Exabeam has expanded its security operations platform with new capabilities to help enterprises detect, investigate, and mitigate risks associated with AI agents, autonomous workflows, and human-to-agent activity.
The July release broadens Exabeam’s Agent Behavior Analytics, Outcomes Navigator, Nova, Threat Center, Attack Surface Insights, and data collection workflows.
For channel partners, the update reflects a growing opportunity in services around AI governance and SOC modernization.
MSPs and MSSPs are increasingly being asked to help customers secure AI tools already entering enterprise workflows, and Exabeam’s expanded detections and telemetry capabilities could give partners another way to assess AI usage, identify behavioral risks, and build managed detection services around agentic AI.
Exabeam targets risks from agentic AI
AI agents are becoming active enterprise users, capable of accessing systems, invoking tools, interacting with data, and acting on behalf of human employees.
That creates a security challenge for SOC teams because potentially risky activity may still occur through approved applications, valid credentials, and authorized workflows, not to mention lingering risks stemming from misconfigurations, permission issues, and other security threats introduced by agentic AI into organizations.
“Organizations are rapidly moving from AI experimentation to autonomous AI agents operating across the enterprise,” said Pete Harteveld, CEO of Exabeam. “Security teams need visibility not only into human activity, but into how agents behave, interact, and make decisions.”
Exabeam said its Behavior Intelligence model connects behavioral detection, AI-driven investigation, automation, and outcomes-based measurement to identify misuse or compromise across human users, AI agents, and the systems they interact with.
New detections expand AI coverage
The release adds new AI- and agent-focused behavioral detections, bringing Exabeam’s AI detection coverage to 90 in total.
These include indicators tied to:
- suspicious prompt behavior
- unusual tool invocation sequences
- abnormal consumption patterns
- unauthorized configuration changes
- denial-of-wallet activity
- shadow AI usage
- and other signs of misuse.
Exabeam is also expanding visibility across enterprise AI platforms. The company now supports Anthropic Claude alongside OpenAI ChatGPT, Google Gemini, Microsoft Copilot, and GitHub Copilot, giving security teams broader insight into which AI tools are being used and how adoption patterns are changing.
The update also adds coverage aligned to the OWASP Top 10 for Agentic AI through Exabeam Outcomes Navigator. That capability is intended to help customers assess existing detection coverage, identify gaps, and prioritize improvements as agentic AI risk models mature.
Open source telemetry project supports agent observability
Exabeam also introduced Observra, a new open-source project and library that provides developers, security teams, and platform teams with a telemetry layer for AI agents.
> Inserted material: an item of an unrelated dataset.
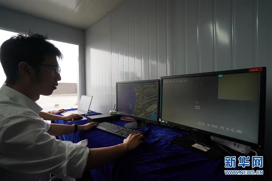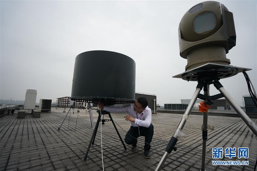 在位于南京的中国电科第14研究所,科研人员在利用“蜘蛛网反无人机系统”捕捉无人机踪迹(4月23日摄)。 新华社记者季春鹏摄

Observra captures agent activity, normalizes it into consumable events, enriches it with cost, redaction, deduplication, and risk signals, and routes the information to security operations platforms.
The company positioned Observra alongside Praxen, its previously released open source project for Agent Behavior Verification, as part of a broader agent security lifecycle.
“AI agents introduce a new security challenge because organizations need confidence both before and after deployment,” said Steve Wilson, chief AI officer at Exabeam and co-founder and co-chair of the OWASP Gen AI Security Project.
The release also includes SOC workflow enhancements, such as phishing email ingestion, new cloud collectors, custom REST API context collection, dashboard authoring, global search updates, and expanded integrations with the LogRhythm SIEM ecosystem.